Isolates from four distinct outbreaks that occurred in Quebéc between 2012 and 2016 were also included in the analysis. These outbreaks were designated as follows: outbreak 1, 2012 (n = 10; 8 human and 2 food isolates) outbreak 2, 2013 (n = 8 human isolates) outbreak 3, 2014 (n = 28; 12 human and 16 food isolates and outbreak 4, 2016 (n = 8 human isolates). All human cases and food items linked to these outbreaks were confirmed by epi-data. Outbreak 1 was linked to a wedding party, outbreak 2 and 3 were traced to separate restaurants and outbreak 4 was associated with a daycare catering service. In addition to the outbreak isolates (n = 54) we also added 91 sporadic clinical isolates collected in Quebéc between 2007 and 2016 into the analysis.

Whole genome sequencing results

An average of 983,919 reads was obtained per isolate (range, 339,270–2,974,917) for the set of 145 S. Heidelberg isolates, corresponding to an estimated average genome coverage of 121x (range, 42x -365x). The number of SPAdes-assembled contigs for the five outbreak isolates that were selected to act as the reference ranged from 24–27 with all the isolates assembled into fewer than 27 contigs (Table 3). The completely sequenced genome equivalent of these isolates have been published in a previous study [9].

Table 3

Assembly statistics for the 5 S. Heidelberg isolates that served as reference genomes.

Strain	Total length (bp)	No of contigs	N50 (bp)	Coverage
ID117795	4,751,241	24	694,16	137
ID128787	4,747,971	27	363,273	43
ID128902	4,746,565	27	412,159	64
ID134609	4,853,519	27	412,096	130
ID135140	4,753,550	27	412,162	116

Core genome single nucleotide analysis

After removing repeats and prophages as well as SNV-dense regions from all the reference genomes, an average of 4,008,254 genomic positions (range 3,681,444–4,049,343) representing an average of 86% of the reference genomes (range 84.63–86.72%) had sufficient coverage (≥15x) across all 145 isolates for reference mapping. For all the S. Heidelberg reference genomes, an average of 769 high-quality consensus SNVs (range 751–819) were identified by both variant callers as common to all isolates and used for subsequent phylogenetic clustering. For the distantly related S. Dublin genome, 18,155 high-quality core genome SNVs were used to construct the phylogeny. In total, 15 minimum spanning trees were generated with 14 of these trees representing the 14 S. Heidelberg reference genomes.
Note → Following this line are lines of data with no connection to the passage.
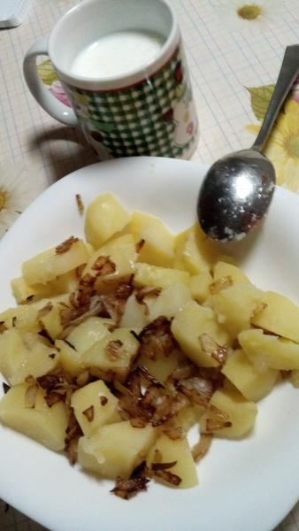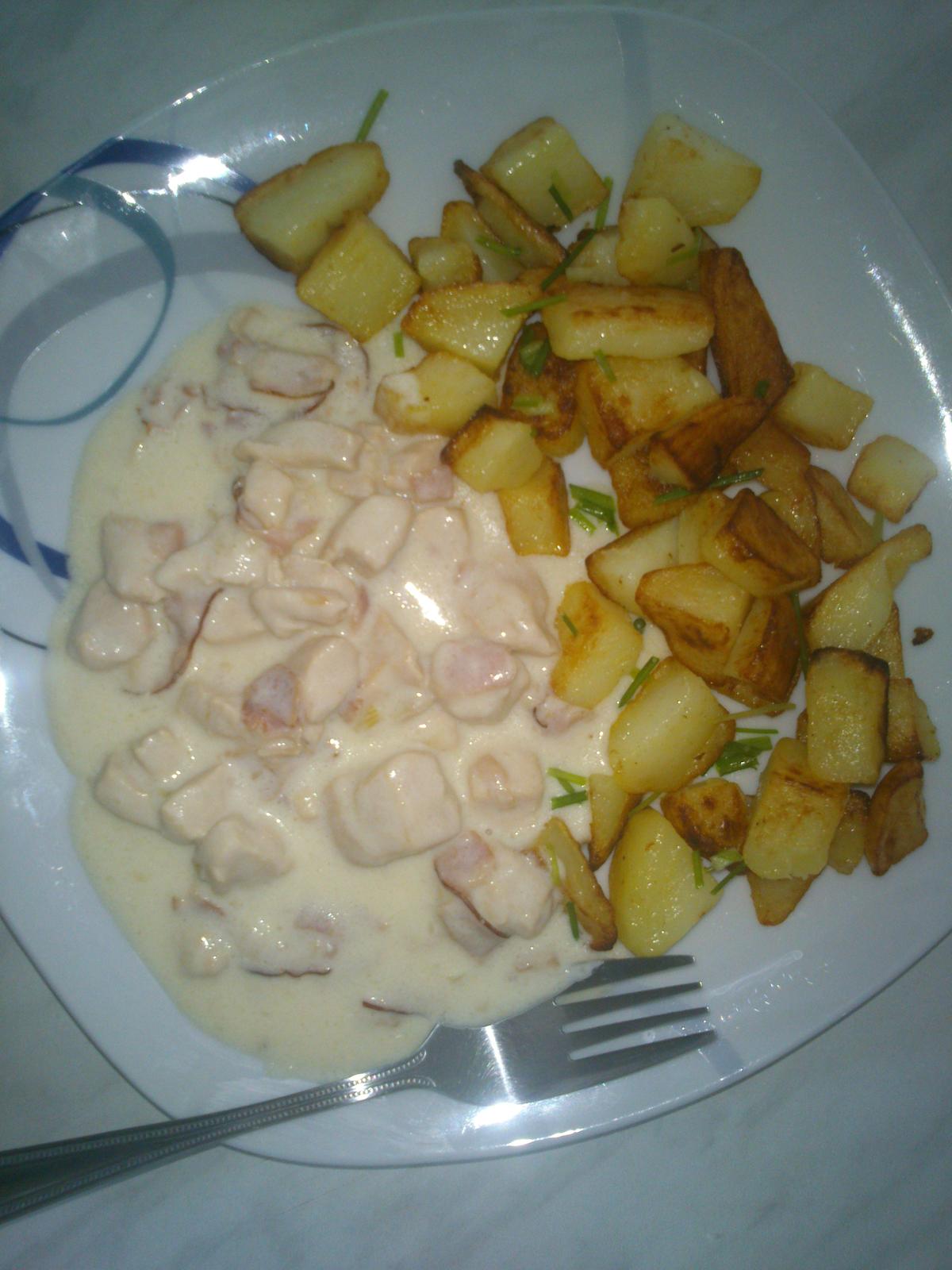 naša večera pečienka na cibuľke, varené zemiaky, uhorka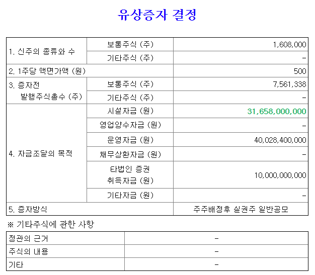 보통 운영자금이나 채무상환자금에 모든 조달된 자금을 전량 사용하는 경우는 유상증자중에서도 악재중에 악재로 분류되는데, 시설확충과 타법인 증권 취득자금에 일부 배정해둔것은 향후 좋은 매출액과 영업이익으로 보답될 것 입니다.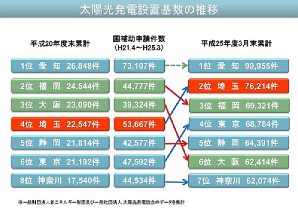 ・住宅用太陽光発電設置数、現在、1位は愛知県(10万7千基)で、その差は2万3千基。1位を目指しているというアピールが県民に向けて必要ではないか?

All outbreak isolates formed distinct clusters with all the 14 S. Heidelberg reference genomes and the topologies of these trees were highly similar (Fig 1A and 1B).

Fig 1

Minimum spanning phylogenetic tree of the core genome of 145 S. Heidelberg sequenced isolates generated using A) draft genome or B) closed referenced genome (ID117795) as an example.
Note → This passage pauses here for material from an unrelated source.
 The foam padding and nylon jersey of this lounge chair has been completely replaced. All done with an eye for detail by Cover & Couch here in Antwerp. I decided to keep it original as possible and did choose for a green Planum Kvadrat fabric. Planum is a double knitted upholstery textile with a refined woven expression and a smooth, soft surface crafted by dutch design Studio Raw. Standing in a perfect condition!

Isolates in the same circle have 0 hqSNVs and the size of each circle is proportional to the number of isolates in the circle.

Using S. Dublin as the reference genome led to a loss in resolving power. In fact, sporadic isolates clustered with outbreak 1 isolates (Fig 2).

Fig 2

Minimum spanning phylogenetic tree of the core genome of 145 S. Heidelberg sequenced isolates generated using the distantly related reference S. Derby (SL477).

Isolates in the same circle have 0 hqSNVs and the size of each circle is proportional to the number of isolates in the circle.

The phylogenetic features revealed by the minimum spanning trees were nearly identical across all the 14 S. Heidelberg reference genomes (Table 4).

Table 4

Phylogenetic observations of the minimum spanning tree topology built from cgSNV analysis of 145 S. Heidelberg isolates and comparison of draft and closed genomes as references.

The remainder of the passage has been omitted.